I personally think that this problem was interesting as the file-system was designed to optimize large file management, large streaming reads and append operations.

3. Contributions
The design for a scalable distributed parallel fault-tolerant file-system using commodity hardware for special workloads was highly innovative. The system was architected to use a single master with multiple chunk-servers to serve a large number of clients. Though not POSIX compliant, the file-system interface supported the usual operations along with new operations snapshot and record append.The use of a large chunk-size (64MB) proves to advantageous and helps reduce client-master interactions, network overhead and master's metadata. This system maintains all its metadata(file,chunk namespaces, map(file -> chunks), location(chunk-replicas)) in memory which is drastically different from existing systems and uses prefix compression to reduce memory footprint of filenames. The use of an operation log further optimises recovery and availability. GFS has a relaxed consistency model and explicitly defines the notion of consistent and defined states. The authors also show that this model works when the applications and file-system are designed cooperatively. The system uses chunk version numbers to detect stale replicas. GFS separates control and data flow which I believe is highly innovative at that time and this helps significantly with chunk leasing and serializing mutation order.GFS uses locks efficiently manage namespace regions, has effective replica placement policies to ensure better availability and takes significant steps towards chunk creation, re-replication and rebalancing. Though distributed garbage collection is a challenging problem, GFS uses non-eager(lazy) deletion (file renamed to hidden file) which is simple and reliable. It also merges storage reclamation to the background which amortizes cost and provides a safety-net for accidental, irreversible deletes.
As the master is a single point of failure, the system maintains "shadow" masters to provide read-only access when primary master is down.
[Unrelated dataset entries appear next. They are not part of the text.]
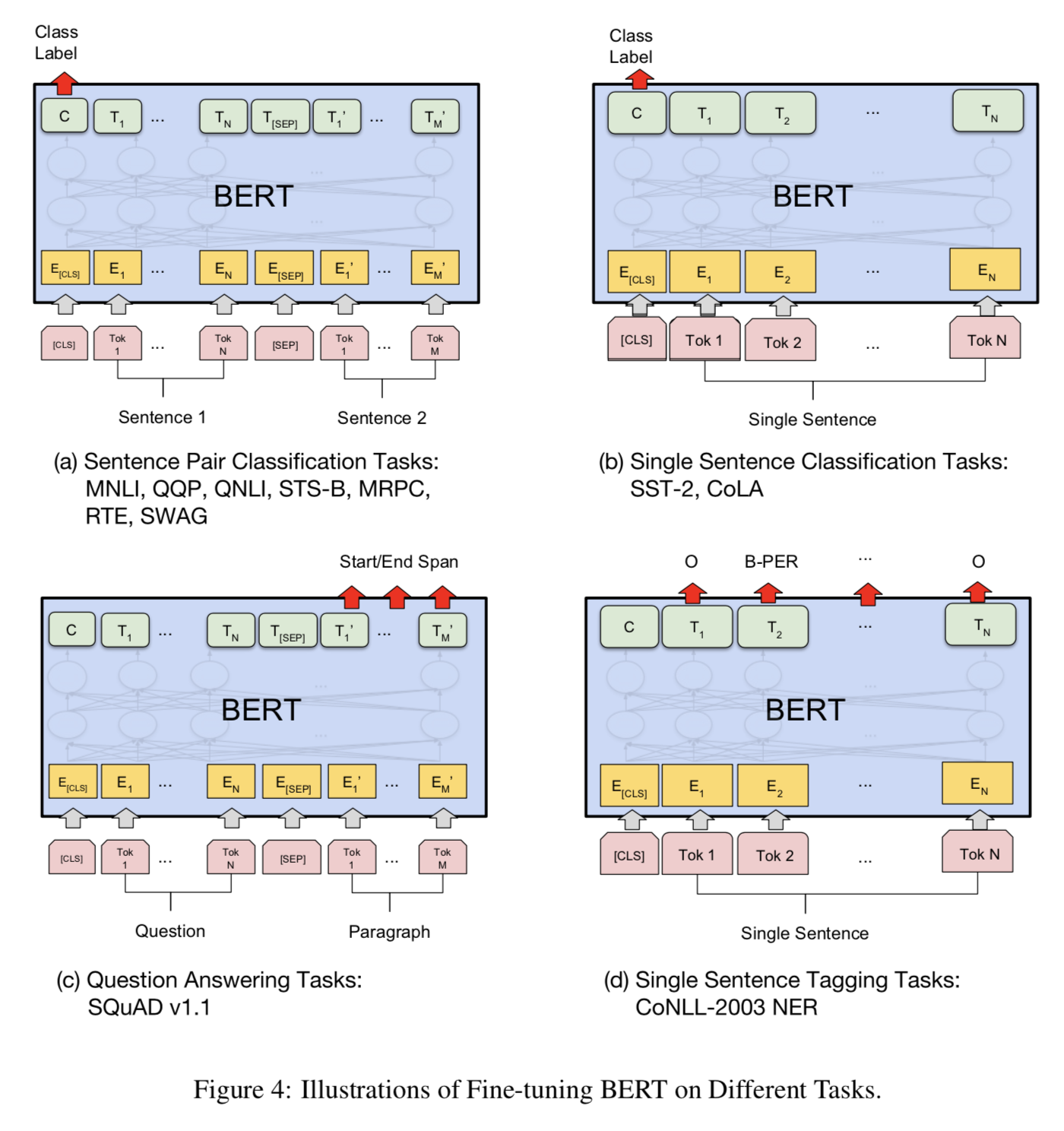 - 토큰 표현은 QA 또는 시퀀스 태깅 같은 토큰-수준 작업에 대한 Output 계층에 공급됨.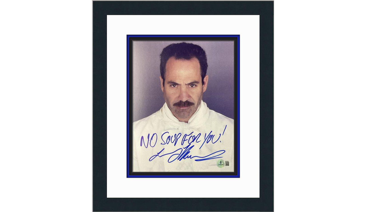 No soup for you! But you can win signed photo of Larry Thomas, the iconic actor known for his unforgettable portrayal of the "Soup Nazi" from Seinfeld. A must-have for fans, this autographed piece captures a legendary moment in television history! INCLUDES: - Color 8" x 10" photo signed by actor Larry Thomas best known for his role as The Soup Nazi from the iconic tv series Seinfeld. Larry has added the inscription “No Soup For You!!” - Photo is authenticated by Beckett Authentication - Framed size: 14" x 16" - FREE shipping within the continental United States Long Island Silent Auction is the tri-state area’s premier silent auction company. With over 30 years of experience in sports memorabilia and framing, Long Island Silent Auction offers only the highest quality authentic items. All items are sourced directly through the athletes or their representatives and come authenticated by leading 3rd party authenticators. All frames are museum quality. Our number 1 priority is your satisfaction. Details: "Soup Nazi" Signed and Framed Photo, Restrictions: Winner will receive item exactly as pictured. Signature placement and ink color may vary. Book within 9 months of purchase. Valid: Valid for shipments within the continental US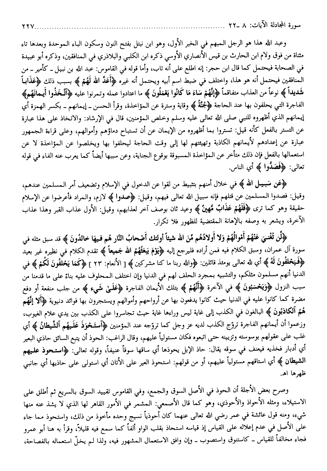 لَنْ تُغْنِيَ عَنْهُمْ أَمْوالُهُمْ وَلا أَوْلادُهُمْ مِنَ اللَّهِ شَيْئاً أُولئِكَ أَصْحابُ النَّارِ هُمْ فِيها خالِدُونَ قد سبق مثله في سورة آل عمران، وسبق الكلام فيه فمن أراده فليرجع إليه يَوْمَ يَبْعَثُهُمُ اللَّهُ جَمِيعاً تقدم الكلام في نظيره غير بعيد فَيَحْلِفُونَ لَهُ أي لله تعالى يومئذ قائلين: وَاللَّهِ رَبِّنا ما كُنَّا مُشْرِكِينَ [الأنعام: 23] كَما يَحْلِفُونَ لَكُمْ في الدنيا أنهم مسلمون مثلكم، والتشبيه بمجرد الحلف لهم في الدنيا وإن اختلف المحلوف عليه بناء على ما قدمنا من سبب النزول وَيَحْسَبُونَ في الآخرة أَنَّهُمْ بتلك الأيمان الفاجرة عَلى شَيْءٍ من جلب منفعة أو دفع مضرة كما كانوا عليه في الدنيا حيث كانوا يدفعون بها عن أرواحهم وأموالهم ويستجرون بها فوائد دنيوية أَلا إِنَّهُمْ هُمُ الْكاذِبُونَ البالغون في الكذب إلى غاية ليس وراءها غاية حيث تجاسروا على الكذب بين يدي علام الغيوب، وزعموا أن أيمانهم الفاجرة تروّج الكذب لديه عز وجل كما تروّجه عند المؤمنين اسْتَحْوَذَ عَلَيْهِمُ الشَّيْطانُ أي غلب على عقولهم بوسوسته وتزيينه حتى اتبعوه فكان مستوليا عليهم، وقال الراغب: الحوذ أن يتبع السائق حاذي البعير أي أدبار فخذيه فيعنف في سوقه يقال: حاذ الإبل يحوذها أي ساقها سوقا عنيفا، وقوله تعالى: اسْتَحْوَذَ عَلَيْهِمُ الشَّيْطانُ أي استاقهم مستوليا عليهم، أو من قولهم: استحوذ العير على الأتان أي استولى على حاذيها أي جانبي ظهرها اه.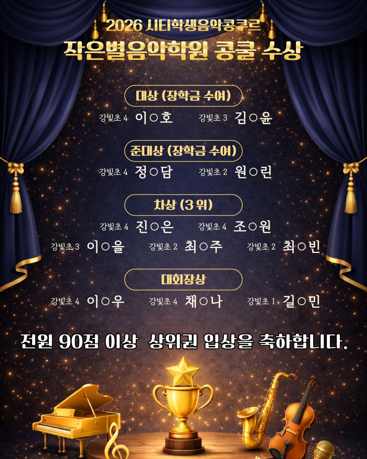 바르고 정확하게! 즐겁고 신나게! 안녕하세요 작은별음악학원입니다 :) 지난 1월 초에 있었던 콩쿨에서 우리 아이들이 믿기 힘든 놀라운 성과를 거두고 돌아왔습니다! 이번 대회는 흔히 말하는 ‘점수 퍼주기식’ 대회가 아니라, 심사가 엄격하고 청렴하기로 유명한 곳이었기에 이번 결과가 더욱 값지게 느껴집니다. 특히 시티음악콩쿠르는 실제 많은 전공 유망주들이 거쳐 가는 대회로, 공신력이 높기로 정평이 나 있습니다. 이런 수준 높은 무대에서 우리 아이들이 당당히 실력을 인정받았다는 사실이 원장으로서 참으로 뿌듯합니다.❤️ 대상 (장학금 수여) 이○호, 김○윤 준대상 (장학금 수여) 정○담, 원○린 차....... <img src="https://blogthumb.pstatic.net/MjAyNjAyMTlfNjAg/MDAxNzcxNTA3MTM2OTM5.2J40n-x-LrfTRyxv0Z15GBmhbMrMjrlT0xqPI4MMO0Ag.0IaBtPmHWe_1icprO6LVyhRj6F8HgOfFi2_5UOY2YMog.JPEG/%C1%A6%B8%F1%C0%BB_%C0%D4%B7%C2%C7%D8%C1%D6%BC%BC%BF%E4.-_%BA%B9%BB%E7%BA%BB_%281%29-.jpg?type=s3" />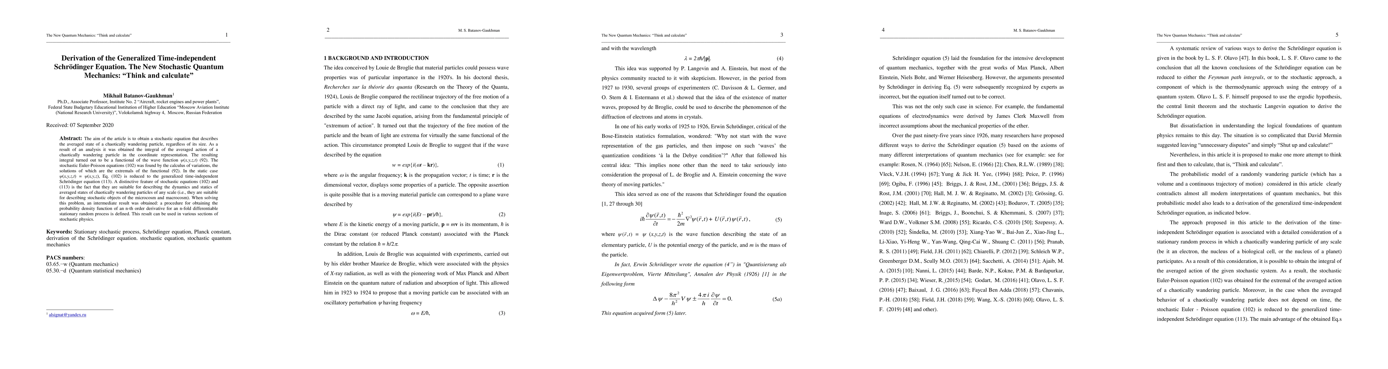 Researchers derived a generalized time-independent Schrodinger equation using stochastic quantum mechanics, showing its applicability to both microcosm objects and macroscopic systems.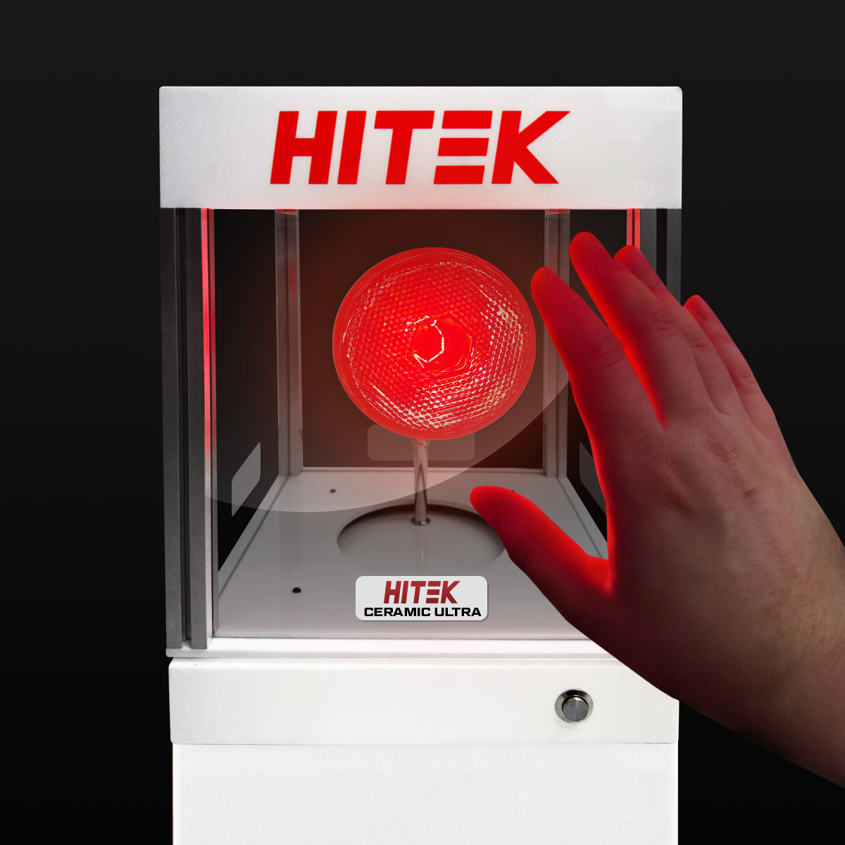 Demonstrate just how effective your films are at blocking out heat with this interactive rotatable heat box. The 250-watt infrared bulb simulates the heat from the sun so that your customers can experience the benefits of solar film firsthand as they rotate from bare glass to the heat-blocking film technologies you have installed.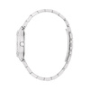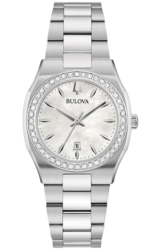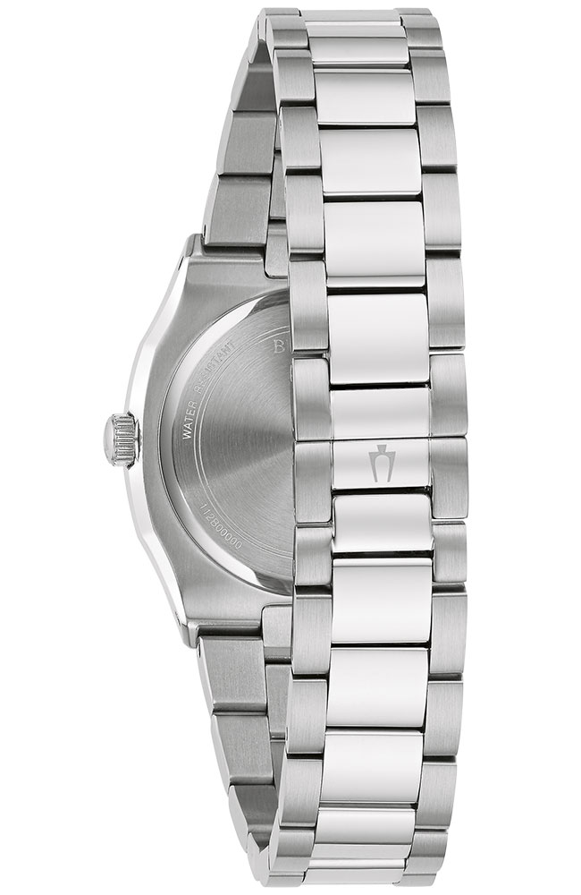 Γυναικείο ρολόι Bulova από ανοξείδωτο ατσάλι με λευκό φίλντισι καντράν, πέτρες Ζιργκόν και ασημί μπρασελέ.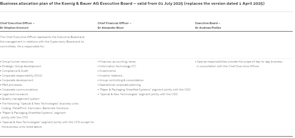 Koenig & Bauer AG is a public limited company (“Aktiengesellschaft”) under German law with a dual management structure. Its Executive Board consisted of three members as of 31 December 2025:

External monitoring systems can detect master failures and quickly spin up a new up-to-date master using the operation log and replicas.
Overall, the authors seem have to targeted "simplicity" to build elegant solutions to complex problems, from avoiding hot spots on chunk-servers to metadata and operation log management.

4. Evaluation
The authors use micro-benchmarks and real world clusters to justify the design choices and illustrate the bottlenecks within the system. The micro-benchmarks for read, write and record-append are compared against the theoretical limit. The aggregate read performance drops as the number of readers increase and this could be attributed to multiple readers reading from the same chunkserver. Aggregate write performance drops as the number of writers increase and this could due to increased collision rates. Also, the performance of record appends drop with increasing number of clients and this is attributed to congestion and network transfer rates.
The authors showcase results from two GFS clusters used at Google. They first evaluate the read/write performance and provide statistics that commensurate the workload characteristics (more reads than writes, network throughput: 750 MB/s). They next provide statistics to show that load on the master is within manageable limits (500 operations/second). The authors designed experiments wherein they killed chunk-servers to evaluate recovery time. In the case of both single and double failures, the recovery times were 23.2 minutes for the single failure case (15000 chunks with 600GB data) and under 2 minutes for the second case which is more drastic and requires higher priority(2X) cloning and replication. The authors also provide a workload breakdown and metrics for operation breakdown by size and Bytes transferred Breakdown by Operation Size (%) to support their claims.
Overall, I feel the performance was unsatisfactory as the results were just showcased as a large set of numbers(metrics) without providing deep valuable explanations or justifications. They have also not compared their system against any existing distributed file system to show how much better or worse their system could be.

5. Confusion
How does lazy space allocation work ??
Why would anyone use the hidden name from the master to access a deleted file ?
When would the hidden file-name (GC'ed) be used to read from the master ?
Why should we only read and verify the first and last blocks of range for a write operation over an existing range ??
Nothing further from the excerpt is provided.